Friday, November 2, 2007

Readings: Race, School Achievement, and Educational Inequality

Wiggan, G. (2007). Race, School Achievement, and Educational Inequality: Toward a Student-Based Inquiry Perspective. Review of Educational Research 77(3), pp. 310-333.

I love the Review of Educational Research. I love review articles in general. As someone who is stepping into a new role as liaison to the College of Education and the department of Political Science, review articles provide needed summaries of the major research topics in the disciplines I am going to support.

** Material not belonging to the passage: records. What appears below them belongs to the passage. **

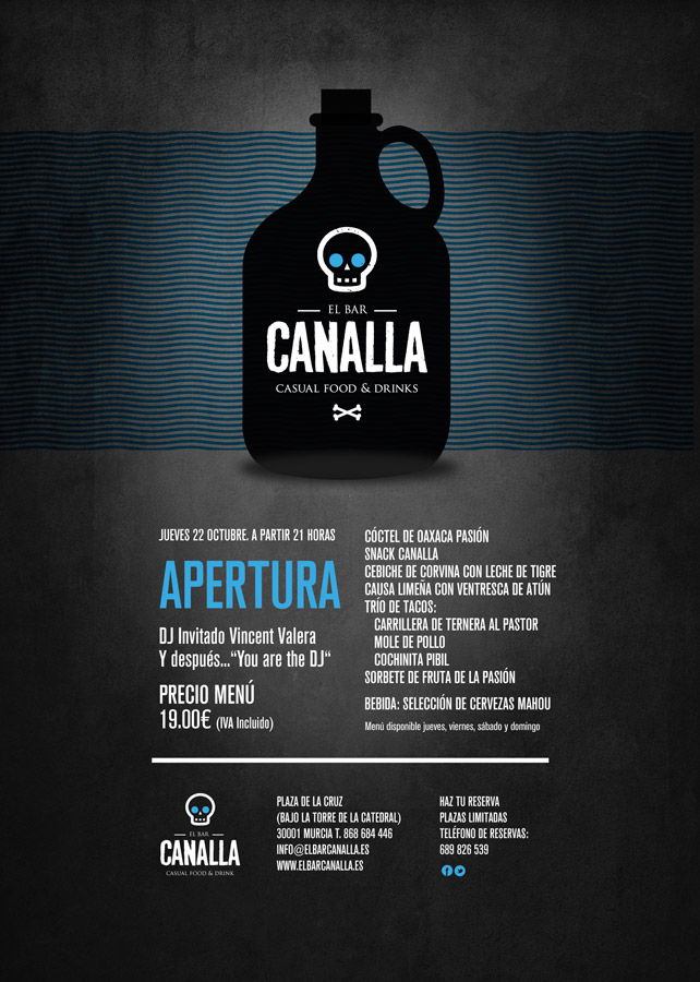 Este Jueves 22 de Octubre a partir de las 21:00. Podremos acudir a la apertura de un nuevo restaurante en Murcia. El Bar Canalla Casual Food & Drinks.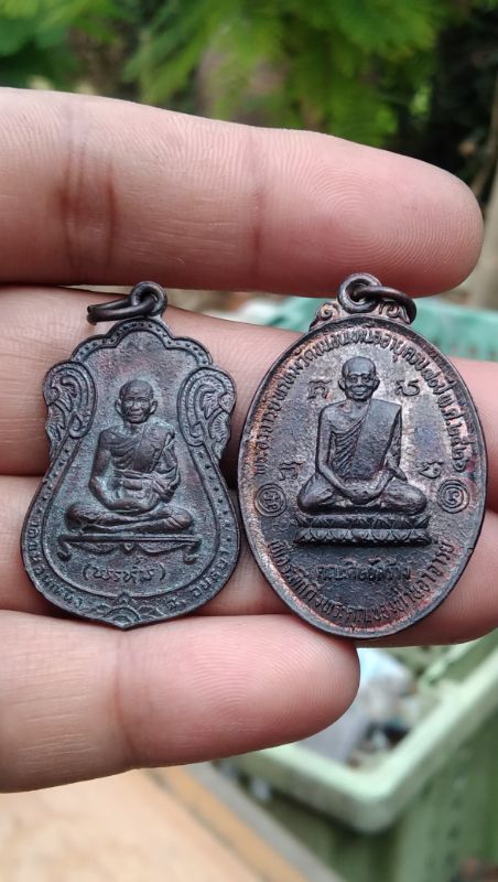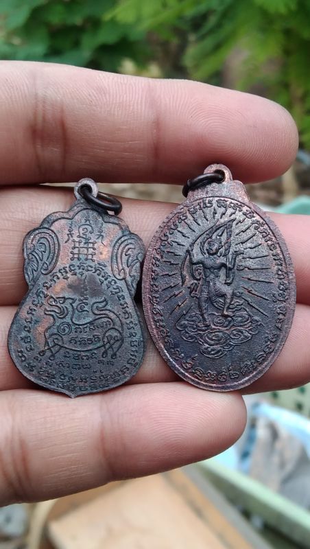 เหรียญหลวงพ่อพรหม นารายณ์เหยียบเมฆ คู่ เหรียญนพเก้า หลังสิงห์เส้น "ปั๊มย้อน " วัดขนอนเหนือ จ.อยุธยา |
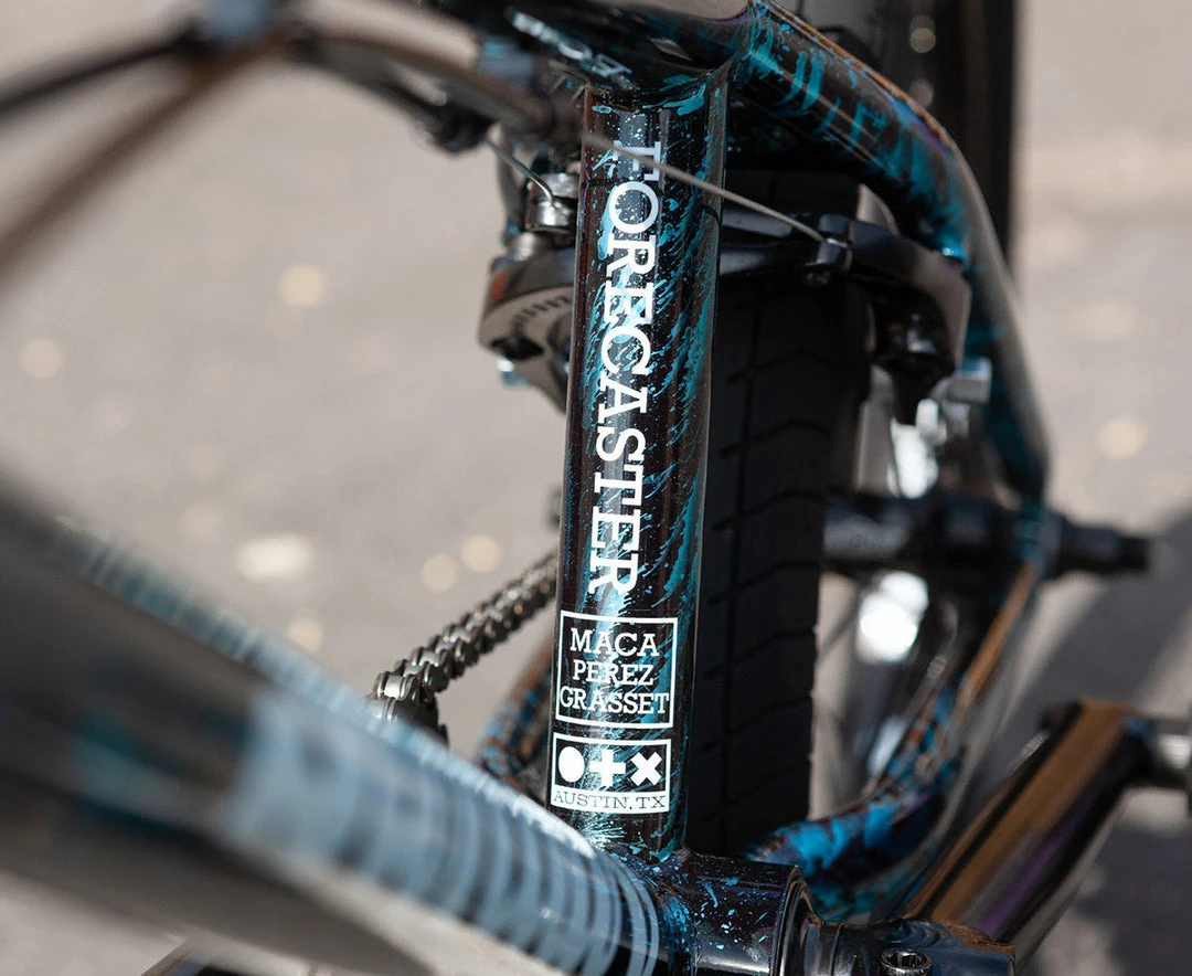 This is Maca Perez Grasset’s signature gloss cyan rain colourway, featuring a mid length 20.5″ top tube and shorter cranks, to help with all the progressive transition riding you can handle.

What I love about both Education and Political Science especially is the readability of these articles. Greg Wiggan's piece was tight, succinct, and very well written, making it an easy read on the bus to work this morning.

Plot summary:
  • Researchers have tried to explain the gap between white and black K-12 students in academic achievement primarily through four explanations: genetic differences across the races, the family and community environments students grow up in, the expectations teachers have for students of different races, and finally, students' opposition to the culture they encounter at school versus the culture they are embedded in at home.
  • Of these four, the first three are deterministic - the students themselves are at the mercy of some external factor (genetics, society, or teachers, respectively). Only the last assumes the students themselves are agents in their own development.
  • Wiggan makes a case for analyzing students' own perspectives on what achievement is, the competency of their teachers and the quality of their own education - up until this point, researchers have only been using students to confirm or refute theories - students have not had participatory power in the research process. Their voices have largely been marginalized. By placing importance in the responses students provide to questions about teacher competency, the meaning of 'achievement', and other research questions, we will be gaining a better understanding of how students interact at school, at home, in their communty, with standardized tests, and more.
Reactions:
  • As mentioned in the article, it seems like achievement is something that is hard to define. I imagine many of the articles and studies Wiggan referred to define what achievement is for their own purposes, but it makes it difficult to compare studies with varying methodologies - heck, even with the SAME methodologies!
  • There's a move to focus on the students themselves in research. I wonder how some of these studies analyze the interviews they conduct with the students, and what they're learning about students' own view of their achievement. Do low performing students simply believe that academic achievement isn't valuable? Does it seem unattainable?
  • At the core of this article is the problem of racism and poverty; these social issues don't just affect education - they affect people's entire lives. For minority students, is academic achievement a way out of poverty? For those same students, does academic achievement SEEM like a way out, or just seem like accepting the academic culture as more valid than their own culture?
I'm going to start reading more of these articles in hopes of finding some things that spark my interest. After moving to Texas, finding a house, having a kid, I'm going to seriously think about doing a little more research (a.k.a. getting a PhD). But I want what I do to be directly applicable to practitioners - mainly, librarians, educators, parents.

Articles like these are highly accessible. It's been a while since I've read anything outside the library and information science field - this was refreshing.

1 comment:

Anonymous said...

I think the family and community environments are the biggest factor in the issue. The family, especially, can give that support the child needs to become better at school.